In an effort to reduce the number of Americans killed each year by drunk drivers, the National Transportation Safety Board recently made several recommendations calling for more stringent drunk driving laws. The recommendations were largely supported by many safety advocates and by the head of the American Trucking Association who believes stricter drunk and drugged driving penalities can help reduce the number of overall commercial vehicle accidents.
While education efforst, hefty fines and stiff penalities have helped deter many drivers from drinking and driving, thousands of Americans are still injured and die each year in drunk driving-related accidents. In fact, according to NTSB statistics, in America one person is killed every hour and another 20 injured as a result of a drunk driver.
The trucking industry has strict regulations with regard to drunk driving.
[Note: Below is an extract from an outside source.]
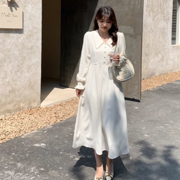 ワンピース デート フレアワンピース ミモレ ミモレ丈 袖あり 長袖 かわいい 大人可愛い きれいめ シンプル カジュアル 大人 上品 おしゃれ お洒落 主役級 存在感 春 秋 10代 20代 30代 レディース 女性用 OL 学生 デート お出かけ 公園デビュー 女子会 休日 イベント 旅行 着回し 普段使い ファッション コーデ 楽ちん モテ トレンド 流行 インスタ映え XL 2XL 3XL 4XL 大きいサイズ 大きい 大きめ ビッグサイズ ゆったり ゆる 白 ホワイト 黒 ブラック

Truck drivers must routinely undergo mandatory alcohol and drug testing and the driver's licenses of those drivers found in violation of established policies are promptly suspended or revoked. What's more, if a truck driver is cited for use of alcohol or drugs both the driver and the trucking company at which he or she is employed face fines and penalties.
The most-recent NTSB recommendations aimed to stop drunk driving include lowering the legal blood alcohol limit to 0.05. Research proves that an individual with a BAC of 0.05 experiences a decline in their ability to think, reason, see and react. Another recommendation revolves around the mandatory use of ignition interlock devices for all drunk driving offenders. The use of such devices is currently mandatory for all drunk driving offenders in 14 states, but not in Ohio.
Many states are likely to back the NTSB recommendations and support stricter drunk driving laws. We'll continue to follow this issue and report on ways changes to drunk driving laws may impact Ohio drivers and the commercial trucking industry.